Uma das vantagens, no entanto, é que um mesmo acelerador de partículas pode tratar ao mesmo tempo 4 pacientes. “Se pensarmos em uma analogia, é como se fosse uma sala com um ar condicionado, por exemplo. A energia gerada pode tratar esses pacientes ao mesmo tempo”, explica Pellizzon.

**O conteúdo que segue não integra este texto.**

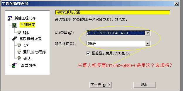 我想請問熟悉三菱人機的朋友,三菱人機GT1050-QBBD-C能用下列貼圖中的軟件組態嗎?可我卻找不到相應選項。
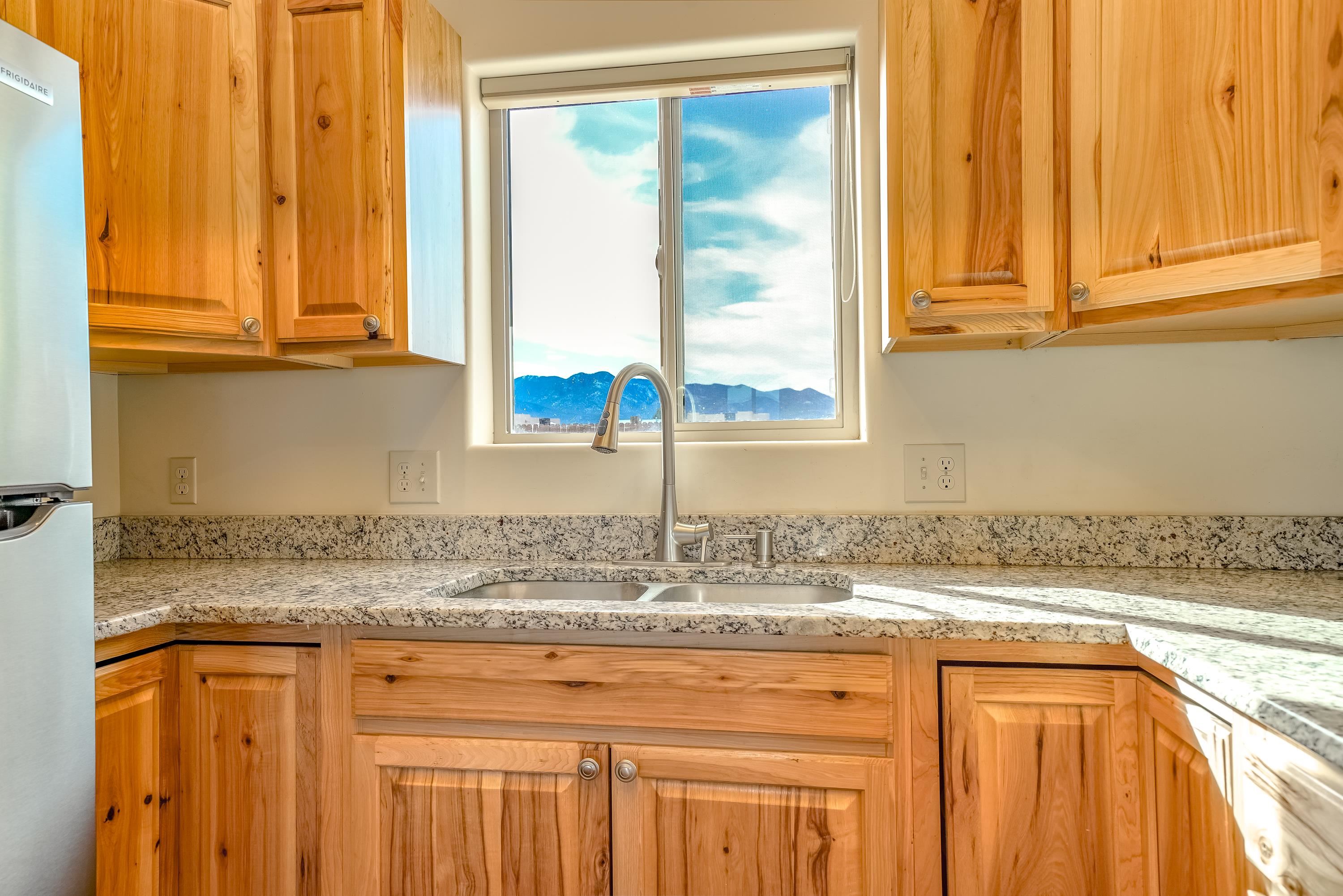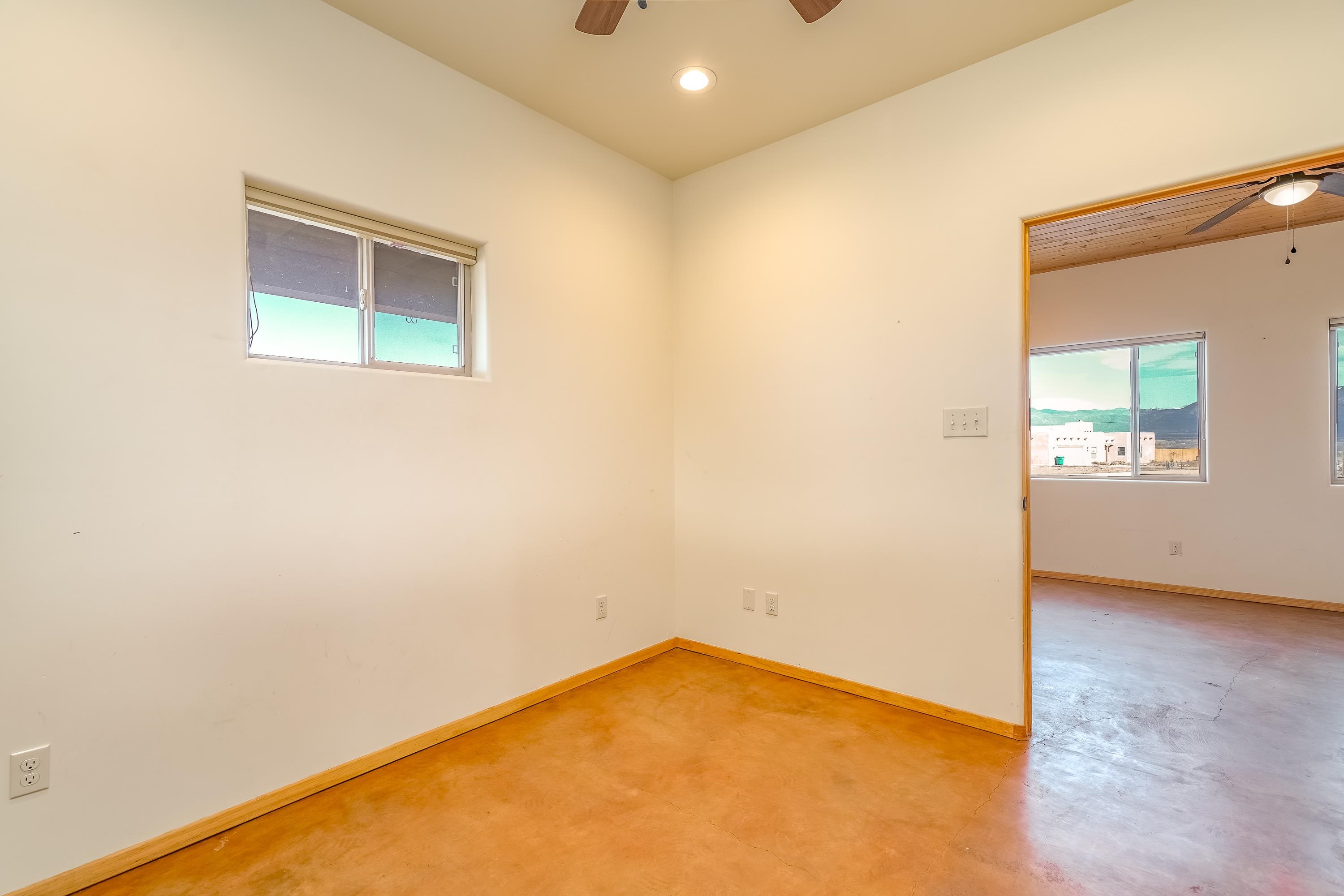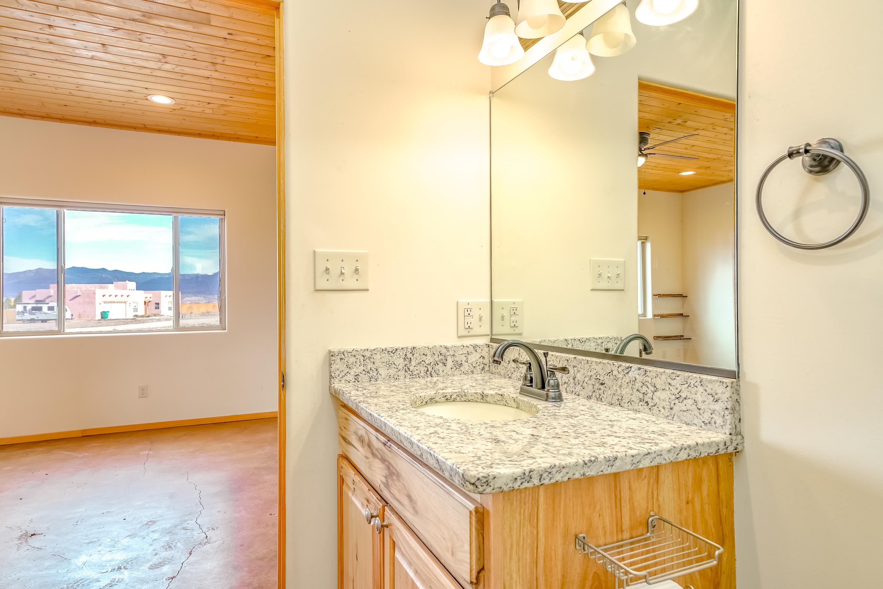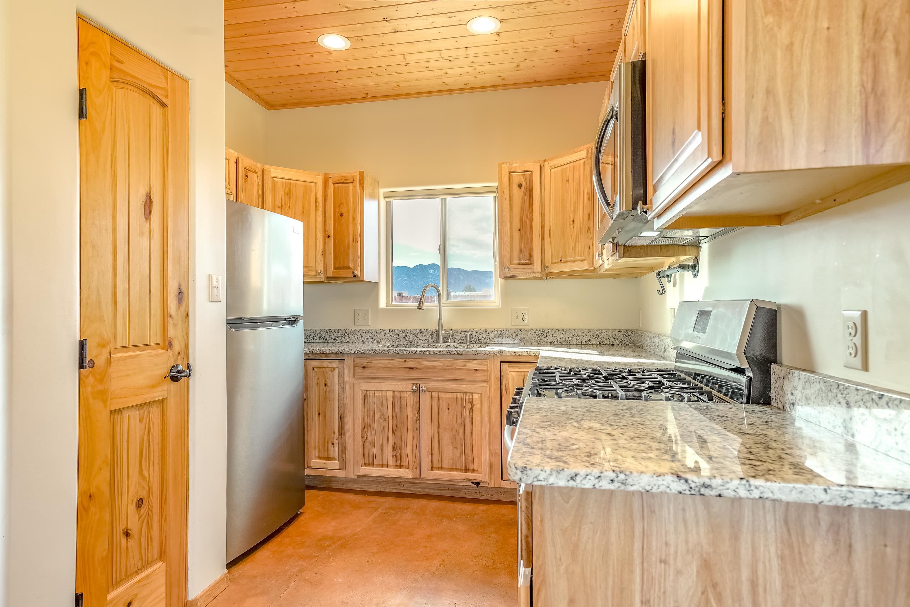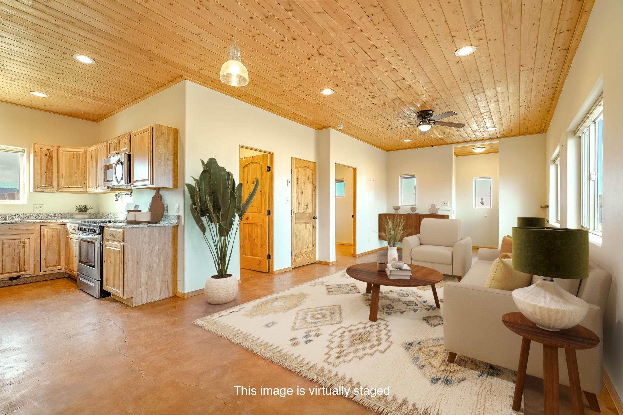 Discover classic Northern New Mexico charm in this beautiful 1,000-square-foot Pueblo-style home. This 2-bedroom, 2-bath residence blends authentic character with modern comfort. The home, built in 2022 offers hot water radiant heat, stained cement floors, and custom blinds on all windows, creating a warm and inviting interior year-round. Enjoy indoor-outdoor living with a covered porch and a fenced backyard—ideal for relaxing, entertaining, or pets. A two-car attached carport provides convenient covered parking. The property is well-equipped with fiber-optic internet, town water, Navien on-demand water heater and natural gas for easy, efficient living. The beautifully appointed kitchen has stainless steel appliances and gas oven/range. Take in breathtaking views of the Sangre de Cristo Mountains right from home, while being just minutes from hiking trails and only five minutes from local restaurants and shops. Located 15 minutes from Taos Plaza, you’ll have quick access to renowned art galleries, dining, shopping, and nightlife. Taos Ski Valley is just 35 minutes away. This charming Pueblo-style home offers the perfect balance of scenic beauty, comfort, and proximity to everything Taos has to offer.

A disponibilidade e o problema do custo
Toda a infraestrutura necessária para disponibilizar a terapia de prótons chegou a custar US$ 200 milhões no passado, com a necessidade de 5 mil m² de área dedicada. Hoje, esse montante é de US$ 30 milhões para algo entre 700 e 800 metros -- o preço, contudo, não caiu o suficiente para ser adotado em larga escala. “Hoje, um acelerador linear ocupa 40 m²”, diz Pellizzon. “Então, a terapia de prótons, além de ter um custo mais alto, também tem uma demanda de espaço que é cara em muitas cidades”, completa.
Outra questão é que o acelerador deve ser instalado com especificações rígidas -- como a necessidade de quatro andares para que a radiação não atinja o solo, e que o local suporte o peso dos equipamentos.